Glasgow has the highest concentration of streets named after Robert Burns with 72 featuring his name, according to Royal Mail analysis released on the eve of Burns Night.
The town of Ayr, near his birthplace of Alloway, has the second highest number with 25, followed by London on 19.
The Ayrshire village of Mauchline, where he lived for a time, and Greenock in Inverclyde are joint fourth with 16.
Royal Mail said the poet has inspired 720 street names in total around the UK, with some addresses influenced by his work, people he knew and the food and drink associated with Burns Night.
They include Red Rose Lane in Pentre, Wales, Tam O’Shanter Drive in Stirling, Haggis Gap near Cambridge and Neepsend Lane in Sheffield.
Steve Rooney, head of Royal Mail’s Address Management Unit, said: “Royal Mail delivers mail to over 30 million addresses, six days a week.

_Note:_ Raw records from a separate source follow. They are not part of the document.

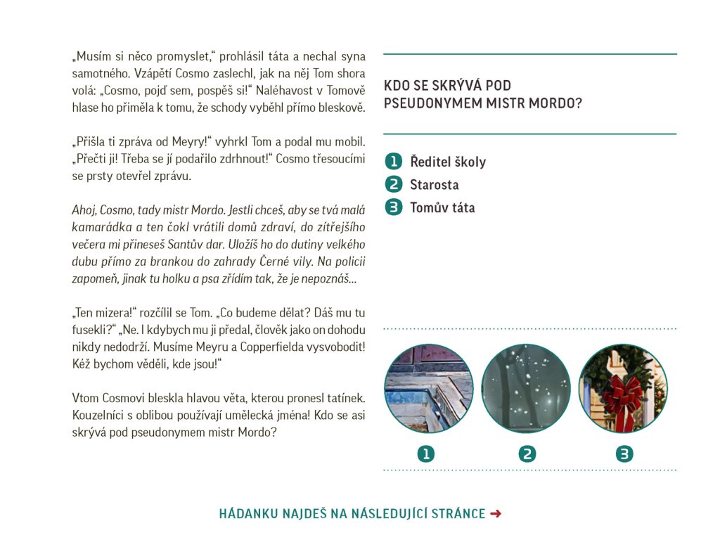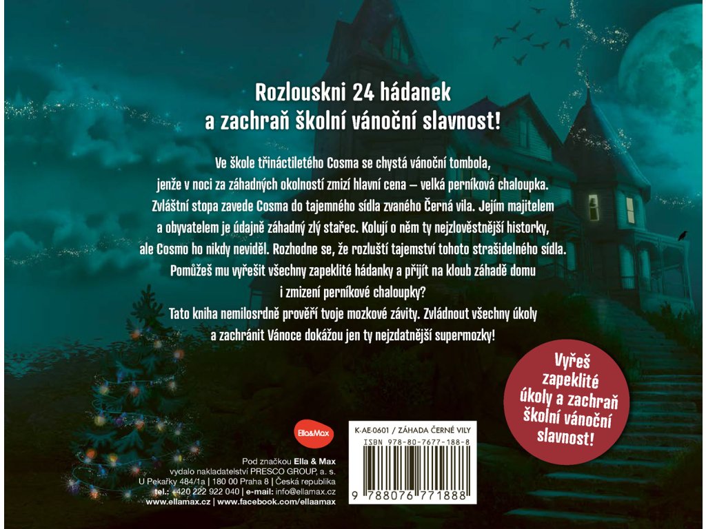 Ve škole třináctiletého Cosma se chystá vánoční tombola, jenže v noci za záhadných okolností zmizí hlavní cena – velká perníková chaloupka. Zvláštní stopa zavede Cosma a jeho kamarády do tajemné Černé vily. Rozhodnou se, že rozluští tajemství tohoto strašidelného sídla. Máte dost odvahy a důvtipu? Pomůžete jim? Jen když postupně vyluštíte všech 24 zapeklitých hádanek, dokážete přijít na kloub záhadě domu i zmizení perníkové chaloupky, a zachránit tak školní vánoční slavnost!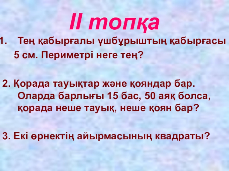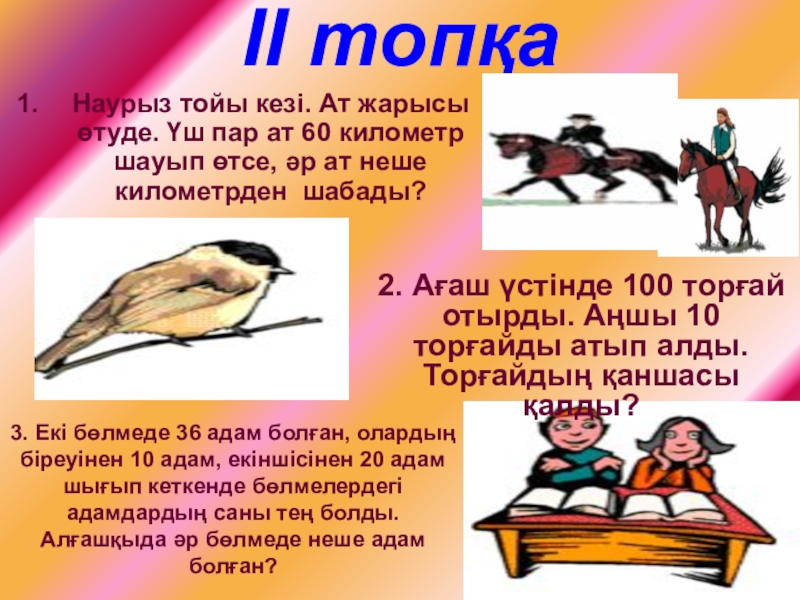 2. Ағаш үстінде 100 торғай отырды. Аңшы 10 торғайды атып алды. Торғайдың қаншасы қалды?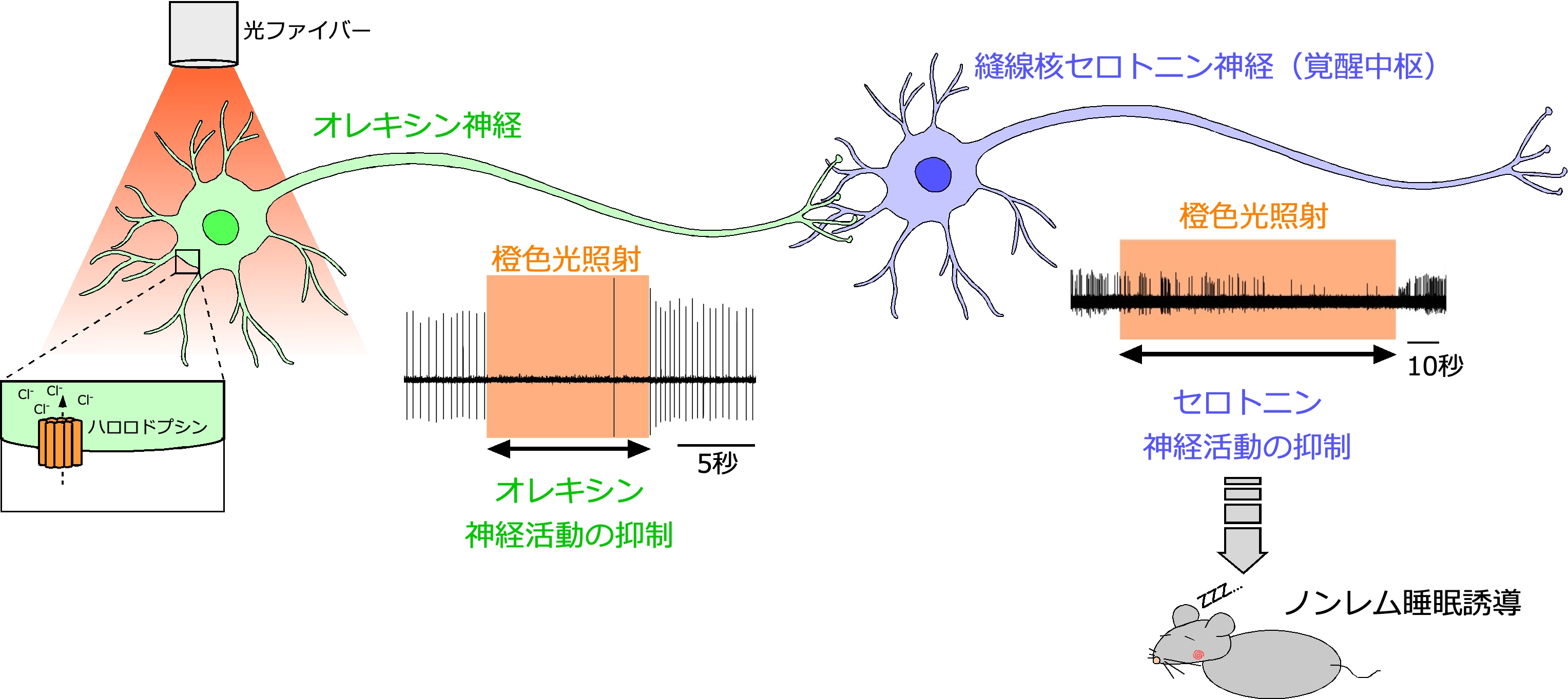 光遺伝学的手法によるオレキシン神経の抑制はノンレム睡眠を惹起する

“This puts us in a unique position of having access to all the brilliant street names across the UK.
“Robert Burns and his poems have clearly inspired a raft of street names across Scotland and the rest of the UK, demonstrating the important role he plays in the UK’s history.”
People around the globe are preparing to celebrate Burns Night on January 25 to celebrate the anniversary of the poet’s birth on that date in 1759.
The research also found streets inspired by women in the poet’s life including Jean Armour Avenue in Edinburgh, Jean Armour Drive in nearby Dalkeith, Midlothian – which is next to Robert Burns Mews – and a Clarinda Crescent in Mauchline.
Royal Mail’s Address Management Unit analysed more than 30 million addresses to establish the extent of the poet’s impact on street names around the country.